Brunnen, o prado do Rütli, a Capela de Tell e a Axenstrasse: guia honesto ao Urnersee, o braço do lago que parece um fiorde, e ao vento Föhn.

Quick facts

Comboio desde Lucerna
40–55 min (direto ou via Arth-Goldau)
Orçamento diário
CHF 80–150 por pessoa
Melhor época
Maio–outubro, para o horário completo dos barcos
Tempo necessário
Meio dia a um dia inteiro
Best for
caminhantes e amantes de trilhos, entusiastas de passeios de barco, interesse pela história e pelo mito fundador da Suíça, fotógrafos, casais à procura de uma base mais tranquila junto ao lago
Best time to visit
De maio a setembro, quando os barcos a vapor cumprem o horário completo e o vento Föhn traz as vistas mais límpidas
Days needed
1 dia, ou 2 noites para incluir uma excursão ao Rigi ou ao Fronalpstock
Quick Answer

Vale a pena visitar Brunnen num dia a partir de Lucerna?

Sim, se o apelo do centro histórico de Lucerna já se desgastou e procura montanhas a mergulhar diretamente na água. Brunnen fica onde o lago dos Quatro Cantões se estreita no Urnersee, um braço de encostas íngremes muitas vezes comparado a um fiorde norueguês, e o mesmo barco chega ao prado do Rütli e à Capela de Tell.
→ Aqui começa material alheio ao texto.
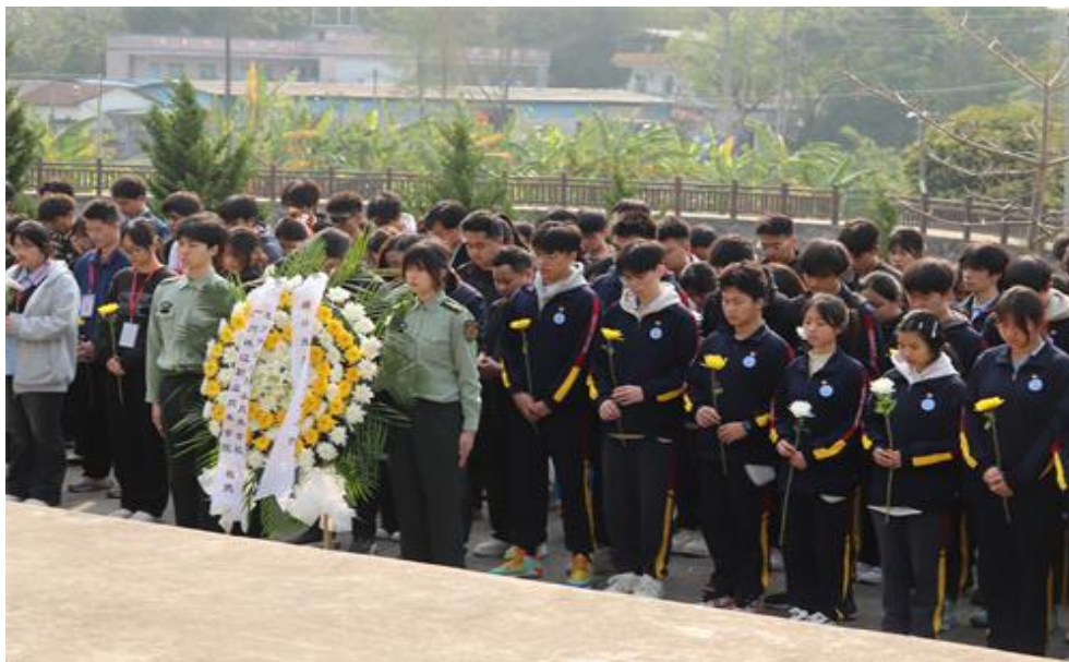
图 12 我校师生前往蒲芦飞英雄村进行祭扫活动

O fiorde da Suíça, um passo além dos postais

A maioria dos visitantes do lago dos Quatro Cantões nunca passa de Weggis e Vitznau. É uma pena, porque o lago continua a estreitar-se para sul e, quando chega a Brunnen, já deixou de parecer um lago. Os picos Mythen erguem-se quase na vertical sobre a água, a margem estreita-se para poucas centenas de metros e o troço que segue até Flüelen é oficialmente uma massa de água separada, o Urnersee (o braço do Vierwaldstättersee). Os folhetos turísticos recorrem à palavra “fiorde” e, invulgarmente para folhetos turísticos, a comparação faz sentido: paredes rochosas íngremes, água fria e profunda, e um tempo que muda mais depressa do que a paisagem faz supor.

Brunnen é uma pequena localidade balnear com cerca de 7 000 habitantes, no ponto onde a bacia principal do lago dos Quatro Cantões dá lugar ao Urnersee. Não tem o reconhecimento da Ponte da Capela do centro histórico de Lucerna, e é em grande parte esse o ponto. Em vez disso, tem acesso direto, a cinco minutos a pé da estação, à beira do lago, um passeio ribeirinho com vistas desimpedidas ao longo do fiorde, e um cais que coloca o prado do Rütli, a Capela de Tell, Flüelen e Altdorf tudo ao alcance de uma ou duas horas.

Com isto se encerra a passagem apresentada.